ChunkExtractor splits text into smaller chunks. The input to this extractor can be from any source which produces text, with a mime type text/plain. The chunk extractor can be configured to use one of the many chunking strategies available. We use Langchain under the hood in this extractor.

LLM

This is a LLM based Extractor that supports multiple LLMs. The extractor uses OpenAI by default, with ability to use other LLMs as well and works on the Content of previous extractor as message, however we can manually overwrite prompt and message. We support Gemini 1.5 Pro which has 1 million token context window that can process vast amounts of information in one go — including 11 hours of audio transcript, codebases with over 30,000 lines of code or over 700,000 words.

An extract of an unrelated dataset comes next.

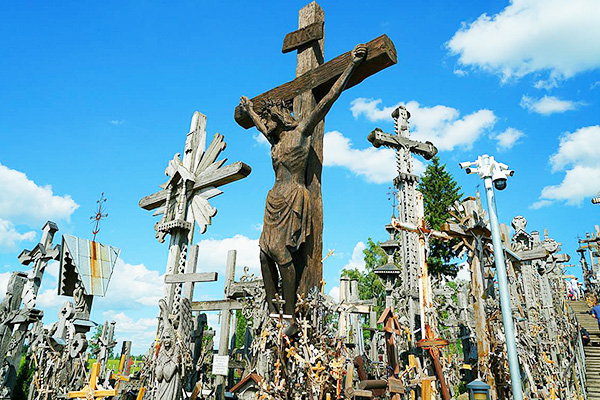 在希奥利艾,十字架山不容错过。在立陶宛几个世纪的历史中,十字架山曾经是天主教徒以和平方式忍耐所面临威胁的象征,也是立陶宛人为和平、为国家、为立陶宛独立战争期间失去的亲人祈祷的地方。十字架山有一种让人肃然起敬的空旷和寂静。其最前面有一个很高的十字架,架上的基督张开双臂。几十万个大大小小的十字架,刻着不认识的语言,静静地矗立在一片沉寂之中。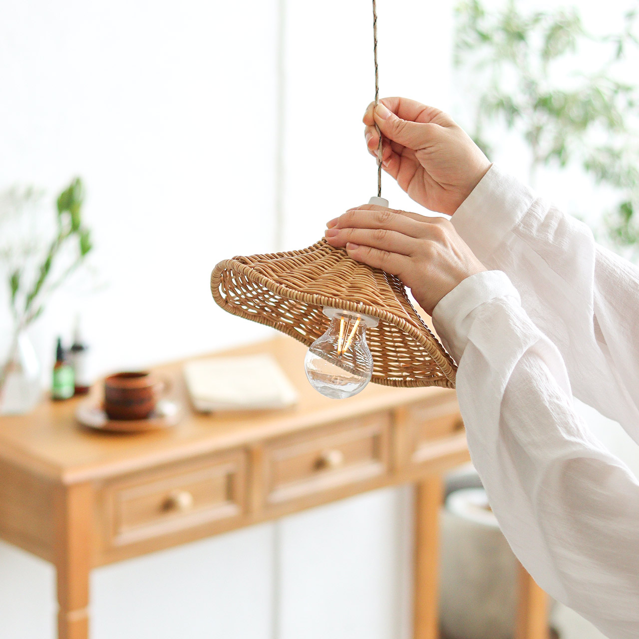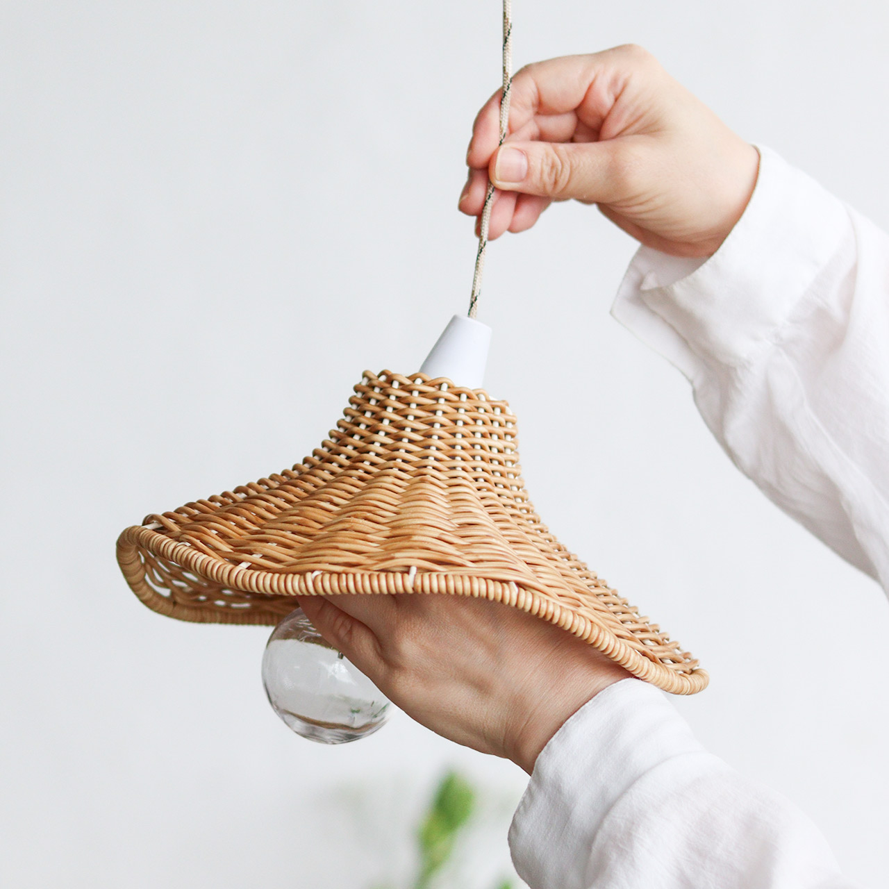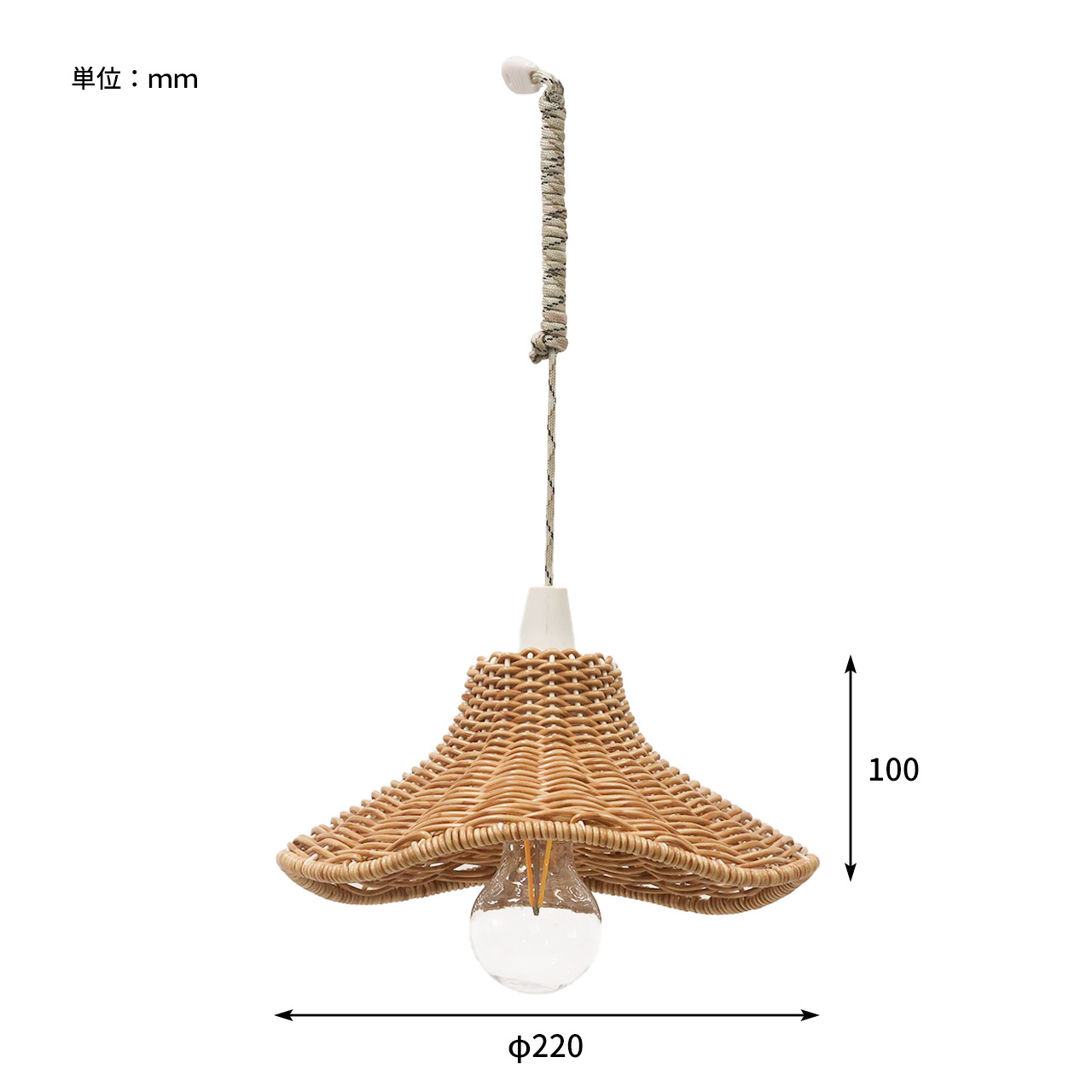 | 注意事項 | ・取扱説明書をよくお読みの上、正しくご使用ください。・火気のそばに置かないでください。変形や破損の原因になります。・長時間日光にあてると変色・変形の恐れがありますのでご注意ください。・LEDライト本体とソケットが正しい位置で取付けられていない場合、常時点灯したり上手く点灯しない場合がございます。故障ではありませんので、今一度正しく取り付けができているかご確認ください。【シェードについて】・火のそばや直射日光の当たる場所、高温になる場所には置かないでください。・手編みのため、サイズや形に若干の個体差があります。・汚れた場合は水拭きをおすすめします。・洗剤をお使いの際は、中性洗剤をご使用の上、しっかりすすいでください。・たわし、クレンザー、漂白剤のご使用はお避けください。・アイアンを使用しているため、濡れたまま放置すると錆の原因となります。ご使用後は、乾燥させ通気性の良い場所で保管してください。 |

We also support using any open source LLM from Hugging Face if you want to run locally.

Schema

This is a LLM based Schema Extractor that supports multiple LLMs. It accepts a user provided JSON Schema and extracts information from text passed into it to the schema. The extractor uses OpenAI by default, with ability to use other LLMs as well. We support Gemini 1.5 Pro which has 1 million token context window that can process vast amounts of information in one go — including 11 hours of audio transcript, codebases with over 30,000 lines of code or over 700,000 words. We also support using any open source LLM from Hugging Face if you want to run locally.

This is inspired by Instructor from @jxnlco. We support instructor too by pickling the user provided pydantic model into the Instructor extractor. This extractor doesn't depend on pickling and only uses JSON schema which is easier to work with in distributed production deployments.